A couple of our stories this week are about employers unexpectedly having access to your accounts or your phone after you've left a job, so our tip this week is about checking whether anyone has unexpected access to your mobile device. The major mobile platforms support a feature generically called "mobile device management," which lets you give an employer abilities ranging from requiring that you set a passcode to possibly remotely wiping your device. Because MDM is so powerful, it's also an appealing target of malware - if you're on family tech support duty for the holidays and you see a device acting strangely, such as having apps or VPNs that can't be uninstalled, you might want to check for unwanted MDM profiles and uninstall them. Apps can't set up MDM on their own - you have to tap a button to install them - but it's entirely possible to do that by mistake or without quite understanding that this is more than just a normal app permissions prompt (which you should also read carefully!).

On Android, you can see what management profiles are installed by looking in "Device administrators" in your security settings. On iOS, the corresponding setting is "Profiles" under "General," which will only show up if you have a profile installed. This screen should tell you what sort of configurations your employer is applying to your device, such as restrictions on your passcode, whether they can locate your device if it's lost, and whether they can wipe the device. On some Android models, you can set up a separate work profile, and they may have access to wipe your work profile alone instead of your whole device.

Oftentimes, these profiles are linked to an app on your phone that mediates your employer's access. For instance, if you're using G Suite, there's a Device Policy app for Android and for iOS. If you want to disable your employer's (or former employer's) access, you generally will want to remove both the app and the associated profile or administrator configuration.
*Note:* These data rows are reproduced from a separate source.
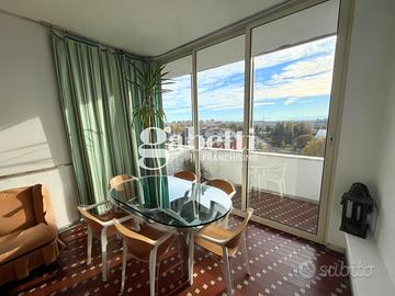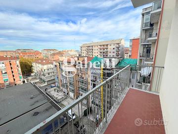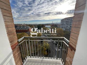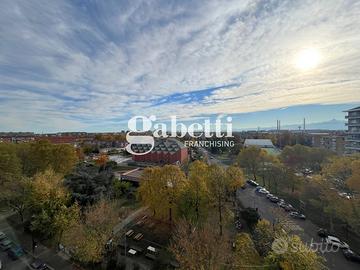 * Piano alto luminosissimo grazie alla presenza di due balconi e di un grande TERRAZZO COPERTO (con angolo lavanderia) dai quali si può godere di una splendida vista panoramica su Superga e sul Monviso;
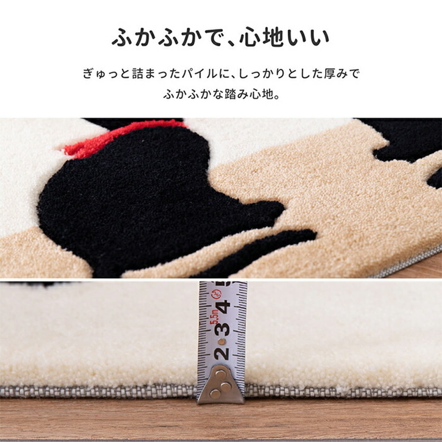 立体感のある、ネコ柄玄関マット。可愛い二匹の黒猫が、玄関でお出迎えをしてくれます。落ち着いた色合いでどんな玄関にも合わせやすいデザイン。厚手なので、ふかふかで気持ちいいです。汚れてもご家庭で手洗い可能、いつも清潔にお使いいただけます。裏面は滑り止め付きでズレにくく安心です。
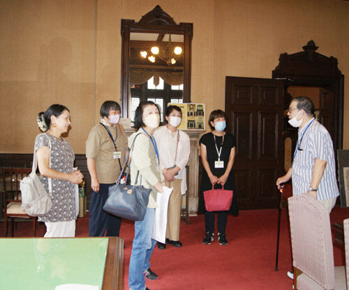 熊谷副理事長の案内で旧知事室を見学する参加者
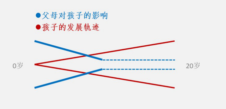 蓝色线是父母对孩子影响,在儿时父母对孩子影响是最大的,但是等到孩子进入到青春期
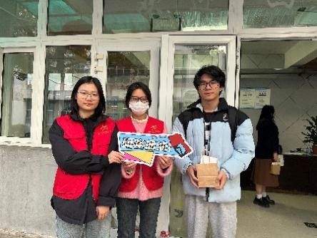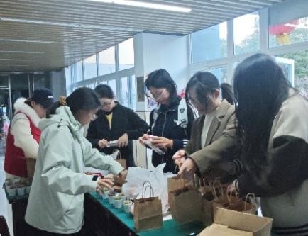 岁末寒意渐浓,考研的征程也进入了最关键的冲刺阶段。为鼓舞正奔赴梦想的2026届考研学子,传递学院的温暖陪伴与深切祝福,12月17日下午,超豪学区先锋党支部发起“暖冬研途·逐梦同行”暖心活动,学院各学生支部党员、志愿者共同参与。 毕业生公寓楼下,身着红马甲的志愿者们早已就位,将一份份寓意深远的礼物细心分装、摆放得井井有条。贺卡藏着手写的祝愿,是“落笔有回响”的美好期许;分装袋收纳着点滴心意,寓意整理思绪、从容应考;金黄的橙子,谐音“成”功,寄托着心想事成、硕果累累的美好祝愿;小巧的多肉盆栽,象征着考研路上的耐力与执着;简约的台历,静静伫立,提醒着时光有序,步履不停。、活动在温馨而简洁的仪式中拉开序幕。同学们陆续前来,从志愿者手中接过这份暖意融融的礼物袋,眼中闪烁的是惊喜,亦是感动。方寸贺卡,笔墨传情,既是初心也是星光;一袋温暖,收纳从容,既是整理也是陪伴;青青多肉,寂静生长,既是坚持也是希望;一页台历,时光可见,既是规划也是陪伴;橙香满怀,心想事成,既是祝福也是硕果。愿这份心意,凝聚成一股“你不是一个人在战斗”的坚实力量,让紧张的冲刺阶段,多一份从容与温度。初审:谢巍 复审:刘伟金 终审:叶如芳
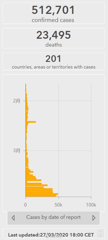 从目前疫情发展的情况看,美国已经成为了震中,当然欧洲的疫情扩散势头也没有停下来。世卫组织实时统计数据显示,截至欧洲中部时间3月27日18时(北京时间3月28日1时),全球确诊新冠肺炎512701例,死亡23495例,目前全球201个国家地区出现新冠肺炎病例,中国以外新冠肺炎确诊约43万例。
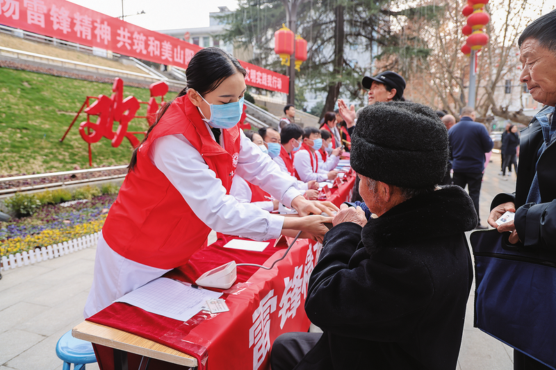 ?為進(jìn)一步弘揚(yáng)雷鋒精神和志愿服務(wù)精神,3月5日,山陽(yáng)縣人民醫(yī)院組織呼吸內(nèi)科、消化內(nèi)科、交大一附院頜面外科等5個(gè)??茦I(yè)務(wù)骨干組成志愿服務(wù)隊(duì),在縣政府廣場(chǎng)開(kāi)展學(xué)雷鋒健康義診活動(dòng),用實(shí)際行動(dòng)詮釋雷鋒精神。 (本報(bào)記者 張 英 攝)
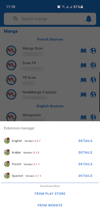 - Several sources of manga for each language
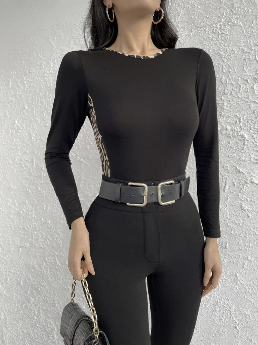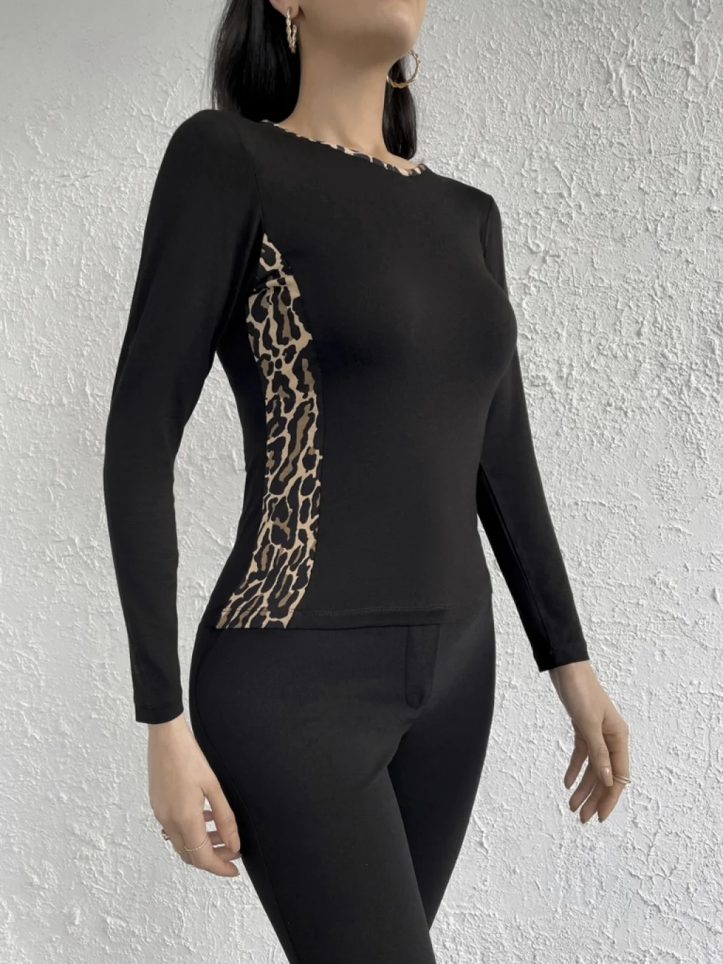 Kadın Uzun Kollu Yarı Balıkçı Yaka Leopar Detaylı Kaşkorse Bluz

If you decide you're okay with your employer being able to wipe your phone, it's particularly important to make sure you have another copy of any important personal data, from personal photos to your two-factor authentication codes. The best way to handle authenticator apps is to have more than one second factor available for your accounts - perhaps you could set up the authenticator app on an old personal phone too." Automated backups often don't cover authenticator apps, and you might lose access to the phone's backup if it's wiped, anyway.

In the news

Google fires an employee and wipes their device: Last week, Google fired four activist employees, including Rebecca Rivers, an engineer in their Boulder office who had started an internal petition against selling contract services to CBP and ICE. Rivers soon found that her personal Android phone had been wiped in its entirety. While initial speculation was that Google had abused its access as the maker of Android, the more mundane explanation is that Rivers previously had set up access to her work account on her phone, and Google's MDM setup gave them the ability to wipe her phone as her employer. While she'd removed the work accounts previously, she apparently didn't remove the Device Policy access, which meant that her G Suite admins still had access to wipe her phone when disabling her work account. This is making other Google employees reconsider whether they really need work email and calendar access on their personal devices.

Some security advice for the National Security Advisor: When John Bolton left his post as US National Security Advisor this September, he used his Twitter account to contradict the President's account of his departure and then went silent until last week. He's now returned, saying that he had to "liberate" his account because the White House refused to return access to it and he needed the help of Twitter support. In a phone call with The New York Times, he claimed, "The White House attached software to the account. They would not give it back." The Times suspects that they changed the password and the recovery email, but if you pay close attention, you can see that they did in fact "attach software" to the account - Bolton's September tweet was sent from a third-party app called "WH Digital," and his more recent tweets are all from "Twitter Web App." If you're going to give your employer's app access to your Twitter account (or any other personal online account), make sure you're being very careful with what permissions they get and know how to disable that access - and definitely don't let them log in as you and change the password or the recovery email address.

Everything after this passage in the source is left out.